Autore: Giacomo Mazzarella

Scuola

Didattica a distanza, ecco il contratto collettivo per i docenti

Regolarizzare come nome la Dad, adesso che sta prepotentemente tornando ad un uso massiccio.

La scuola e le lezioni nella scuola da inizio 2020 sono state tra le cose più stravolte dall’emergenza coronavirus. Dalla didattica in presenza si è passati alla didattica a distanza. Una forma di didattica a cui gli italiani si sono ormai familiarizzati. Ma si tratta pur sempre di una novità, una alternativa alla didattica in presenza. E come tutte le novità, anche questa necessitava di una disciplina soprattutto per gli insegnanti e per i loro contratti di lavoro.

Sottoscritto il contratto per la Dad

Il vuoto normativo riguardante la didattica a distanza è stato colmato. Lo ha annunciato il sindacato Anief che tra l’altro ha avuto un importante ruolo nel completare l’operazione. Si tratta del primo contratto sottoscritto da Anief.

Un contratto importante più che in passato proprio perché c’era da disciplinare la didattica a distanza. Insieme ad Anief ha firmato già il nuovo Ccnl anche la Cisl.

Adesso si attende la sottoscrizione delle altre sigle sindacali del comparto, che però molti danno per scontato. Tra l’altro le regole del comparto prevedono che per entrare in vigore basta l’ok del 50% della rappresentatività sindacale. In altri termini, un nuovo Ccnl pressoché ufficiale.

Dad, cosa cambia con il nuovo Ccnl?

Nel nuovo documento collettivo viene confermata la pausa di un’ora ogni due lezioni consecutive.

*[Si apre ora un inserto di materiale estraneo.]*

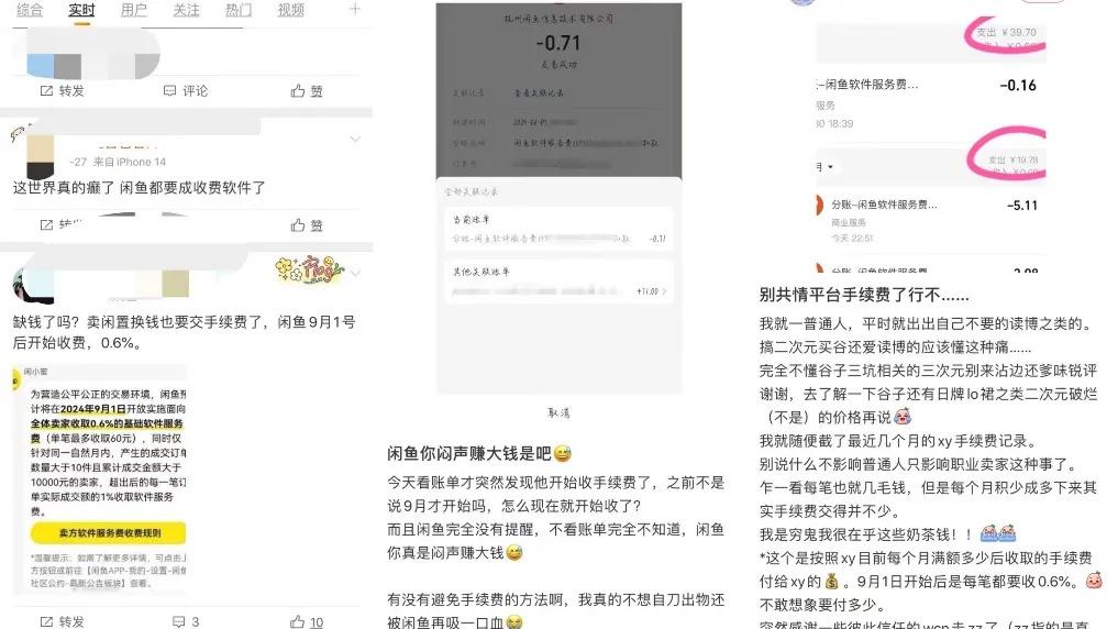 而在微博上,也有不少用户表示不理解," 我卖个五块钱的东西还收我三分钱手续费,还要伺候难缠客户,拜拜了 "" 本来出物都要倒贴钱了,还收我 0.6% 的服务费 "" 缺钱了吗?卖闲置换钱也要交手续费 " ……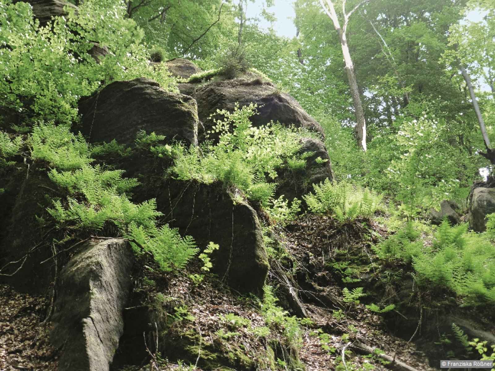Vom Bahnhof Hirschmühle setzen wir mit der Fähre nach Schmilka über. Vom Fähranleger gehen wir zur Hauptstraße hinauf, überqueren diese und wandern geradeaus weiter in den malerischen Ort hinein. Vorbei an einem alten Umgebindehaus und durch die historische „Schmilk’sche Mühle“ mit seiner Mühlen-Bio-Bäckerei gelangen wir auf der steilen Straße zur Nationalpark-Infostelle am oberen Ortsende. Wir biegen rechts ab und folgen dem grün markierten Bergsteig in Richtung Großen Winterberg. Der Wanderweg führt im Wald sehr steil aufwärts. Bereiche mit abgestorbenen Fichten erfordern etwas Aufmerksamkeit. Zunehmend dominieren jedoch alte hohe Buchen. Weiter oben geht’s über Stufen und Treppen durch eine romantische Felsenpassage. Kurz danach, nach insgesamt etwa einer Stunde, quert eine Forststraße namens „Weiberfähre“. Wir biegen rechts ab, verlassen dazu unsere Markierung, um zur grandiosen, rund 400 m entfernten Kipphornaussicht zu gelangen. Nach dem anstrengenden Aufstieg finden wir an dieser umfassenden Felsenaussicht Gelegenheit für eine Rast. Das weite Panorama reicht vom böhmischen Elbtal zur Linken, über Hoher Schneeberg, mit 722 Meter höchster Gipfel des Elbsandsteingebirges, Zschirnsteine, Zirkelstein und Kaiserkrone gegenüber, bis zu den sächsischen Tafelbergen und den Schrammsteinen zur Rechten. Von der Aussicht gehen wir auf demselben Weg zurück, können uns nach 5 Min. auf der Forststraße gleich weiter aufwärts halten und treffen kurz danach wieder die grüne Markierung. Sie bringt uns durch hohen Buchenwald in 10 Min. auf den Gipfel des Großen Winterberges. Vor dem altehrwürdigen Berggasthaus mit Aussichtsturm befindet sich das „Eishaus“, eine Nationalpark-Infostelle. Wir gehen links am Gasthaus vorbei in Richtung „Heringsloch/Felsenmühle“ und folgen auch für den Rest der Wanderung der Markierung grüner Strich. Rechts am Weg entdecken wir tiefschwarze Felsen. Es ist Basalt, der gut an seiner fünf- bis sechskantigen Säulenform zu erkennen ist. Die gesamte Gipfelkuppe wird von Basalttrümmern bedeckt. Deren Verwitterungsböden lassen am Winterberg den reichen Buchenwald gedeihen, in dessen Krautschicht im zeitigen Frühjahr beispielsweise Buschwindröschen und Hohler Lerchensporn, später Frühlingsblatterbse und Waldmeister, im Sommer unter einem schattigen Blätterdach Springkraut zu finden sind. Gemütlich steigen wir abwärts. An der nächsten Kreuzung treffen wir auf die neu errichtete Wegsäule des alten Fremdenweges. Wir biegen rechts ab, um gleich darauf Richtung „Queenwiesen“ nach links ins Heringsloch abzusteigen. In Wanderkarten findet man auch die Bezeichnungen „Quenenwiesen“ und „Queenengrund“. Die Ortsbezeichnung geht auf einen Eintrag im Hohnsteiner Amtserbbuch des Jahres 1547 zurück, in welchem „ein reumicht In der queyn“ erwähnt wurde. Gemeint war damit eine urbar gemachte Fläche im Wald. Auf einer Karte von 1592, die während der mehrere Jahrzehnte dauernden Ersten Kursächsischen Landesaufnahme erstellt wurde, hielt der Landesvermesser Oeder den Wiesengrund im heutigen Kleinen Zschand bereits als „quene“ fest.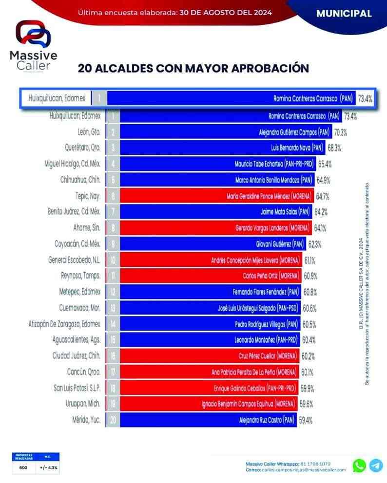 La más reciente medición de la casa encuestadora,dadaaconocer este 30 deagosto, Romina Contreras secolocaenelprimerlugarentrelos 125 alcaldes de todo el país incluidos en este ranking nacional, con lo que son 16 ocasiones en primer lugar a nivel nacional y 32 ocasiones consecutivas entre sus homólogos de la entidad. Massive Caller llevó a cabo esta encuesta mediante la técnica de "robot", con 600 llamadas en forma aleatoria a los hogares, con un margen de error de +/-4.3 por ciento.

Da Anief si dicono soddisfatti di quanto scritto ma viene sottolineato che servono regole urgenti anche per il personale amministrativo. E inoltre bisogna estendere la Carta di 500 euro anche agli Ata e ai docenti precari.

Misure ed interventi questi che non sono stati inseriti nel nuovo Ccnl e che dovrebbero entrare nella legge di Bilancio. Nel contratto scompare la banca ad ore, cioè quel contenitore dove dovevano confluire le ore di lezione dei docenti in caso di impossibilità di erogare il servizio di didattica a distanza e quindi ore da recuperare entro la fine dell’anno scolastico in corso.

Una cosa questa che Anief ha contribuiti a togliere perché non esiste in nessun settore una cosa del genere, in cui sì carica sul lavoratore l’impossibilità di prestare le ore di lezione per motivi oggettivi e non imputabili al lavoratore stesso.

Ogni scuola sarà investita di una certa autonomia. Infatti potrà operare in autonomia, ad esempio riducendo di 5 o 10 minuti l’ora di lezione o come dicevamo, predisponendo una pausa di almeno un’ora ogni due ore di lezioni consecutive se ricadono nella stessa giornata lavorativa.

Autonomia anche degli organi collegiali, perché viene disposto testualmente che "la Didattica a distanza si svolge nel rispetto della libertà di insegnamento, delle competenze degli Organi collegiali e dell’autonomia progettuale e organizzativa dell’autonomia progettuale e organizzativa delle istituzioni scolastiche”. In pratica piena libertà alle singole realtà scolastiche, sempre nel rispetto delle linee guida predisposte dal contratto collettivo.